Ангус Бьюкенен только что получил чин лейтенанта. Его карьера в 25-м батальоне королевских фузилеров оказалась стремительной: еще в апреле он был всего лишь рядовым. И он не без грусти оставил жизнь простого солдата, которую считал “веселой, беспечной и беспорядочной”.

Через некоторое время они вдруг услышали треск и остановились.

Звук раздавался слева от дороги.

Они слышат хруст ломаемых веток, шелест листвы. Вражеский патруль не будет передвигаться столь неосторожно. Совершенно верно. Перед ними мелькает носорог. Они замирают на месте. В темноте не разглядеть, намерено ли это великолепное животное напасть на них. Они обмениваются тревожными взглядами. Носороги часто встречаются в этих местах, и они очень опасны, гораздо опаснее львов. Бьюкенен уже усвоил, что львы могут напасть только тогда, когда ранены. За последний год 30 британских солдат в Восточной Африке были растерзаны дикими зверями. Носорог засеменил прочь и исчез в кустарниках. Опасность миновала.

Четверо осторожно двинулись дальше.

Под раскидистым манговым деревом они обнаружили еще пылающие угольки костра. Где-то во тьме притаился враг.

Взошла луна. Они видят свои тени на пыльной дороге — вытянутые, невесомые очертания. Неподалеку блестит река.

К полуночи они приходят на место, откуда открывается хороший обзор железной дороги. Они прячутся в буше и выжидают. Все ждут и ждут.

Ночь прошла тихо, прерываемая лишь звуками Африки. Кричали обезьяны в высоких деревьях на речном берегу, позади железной дороги, раскачиваясь и ломая сухие ветки. Одинокая сова ухала где-то вдали… Иногда обнаруживал свое присутствие какой-нибудь хищный зверь. Тишина часто прерывалась низким, леденящим душу воем гиен и тявканьем шакалов, похожим на собачий лай, — но лишь на короткий миг, чтобы потом эти звуки, подобно призракам, исчезли в черной, бездонной глубине ночи.
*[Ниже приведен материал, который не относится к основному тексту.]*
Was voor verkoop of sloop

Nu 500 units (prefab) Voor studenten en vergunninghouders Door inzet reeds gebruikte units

С восходом солнца стало можно сказать, что еще одна ночь миновала без происшествий. Они развели костер, заварили себе чай, а потом, при свете солнца, двинулись назад.

Вокруг лагеря солдаты готовились расчищать большую территорию, там штабелями лежали предметы первой необходимости. По слухам, ждали серьезных подкреплений. Бьюкенен: “Мысль о том, что мы вскоре вступим на землю врага, воодушевляла нас”.

84.

Понедельник, 27 декабря 1915 года

Павел фон Герих участвует в параде перед царем под Волочиском

Ветрено. Снег вперемежку с дождем. Температура чуть выше нуля. Вот уже несколько дней они готовятся к большому параду, начищают все до блеска, чинят и укомплектовывают. Они увидят царя, и царь увидит их. Последнее весьма сомнительно. После полугода непрерывных боев, маршей и прежде всего отступлений солдаты выглядят очень уж потрепанными. Многие вообще напоминают вооруженных бродяг. Всего не хватает: штыков, патронных сумок, ремней для винтовок, кокард, сапог, да, даже сапог. То, что у многих нет обуви, просто ужасно, тем более сейчас, в зимнее время. Случалось, что солдаты из-за этого стреляли сами в себя.
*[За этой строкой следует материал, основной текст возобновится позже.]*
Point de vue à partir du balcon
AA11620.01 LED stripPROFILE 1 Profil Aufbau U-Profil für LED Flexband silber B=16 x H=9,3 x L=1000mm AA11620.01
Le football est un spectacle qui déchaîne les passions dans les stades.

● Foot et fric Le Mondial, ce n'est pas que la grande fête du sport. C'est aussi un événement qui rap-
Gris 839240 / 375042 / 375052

Так что демонстрировать, как на самом деле выглядит полк, никто и не собирался. Что же делать? Позаимствовали сапоги и форму у новичков, отлично экипированных рекрутов, которые только что прибыли после обучения и не успели оказаться в строю. Этих полураздетых новичков теперь спрятали куда подальше, а пару сапог делили на всю роту, надевая их по очереди, если возникала такая необходимость. Их обувь и шинели с радостью надели на себя ветераны.
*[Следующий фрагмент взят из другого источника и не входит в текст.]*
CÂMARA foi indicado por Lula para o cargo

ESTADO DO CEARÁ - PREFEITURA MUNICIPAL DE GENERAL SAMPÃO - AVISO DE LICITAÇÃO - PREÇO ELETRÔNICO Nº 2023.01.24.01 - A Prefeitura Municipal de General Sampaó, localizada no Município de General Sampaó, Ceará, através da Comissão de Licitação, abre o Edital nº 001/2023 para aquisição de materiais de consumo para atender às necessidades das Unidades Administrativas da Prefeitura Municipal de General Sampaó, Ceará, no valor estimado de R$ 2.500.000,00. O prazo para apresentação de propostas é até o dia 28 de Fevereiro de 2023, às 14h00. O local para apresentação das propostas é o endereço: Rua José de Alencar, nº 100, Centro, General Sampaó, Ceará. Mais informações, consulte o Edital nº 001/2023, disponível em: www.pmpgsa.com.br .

И вот полк отправился в путь. Дорога была утоптанная, глинистая. Прошагав восемнадцать километров, они прибыли на место парада. На часах уже двенадцать. Их встретили известием, что царь запаздывает. Так что фон Гериху и остальным ничего не оставалось, как стоять и ждать, на ветру, под дождем. Они курят и чертыхаются, чертыхаются и курят.

Время идет. Солнце совсем исчезло за тучами.

Тут раздались возгласы, что царь прибыл. Царь! Время пять часов. Фон Герих видит, как Николай II галопом проскакал мимо них в сереньких сумерках. Человек с остроконечной, ухоженной бородкой приветствует своих солдат, и солдаты приветствуют его. Он благодарит их за мужество. Некоторые награждаются медалями. Один из них — Павел фон Герих. Он горд и счастлив. Через 45 минут все заканчивается, и царь исчезает. Солдаты и офицеры торопятся. Дорога домой, в часть, оборачивается блужданием по колено в ледяной глине.

Ходят слухи, что их перебросят. Одни говорят, на фронт в Прибалтику. Другие — на границу с Румынией.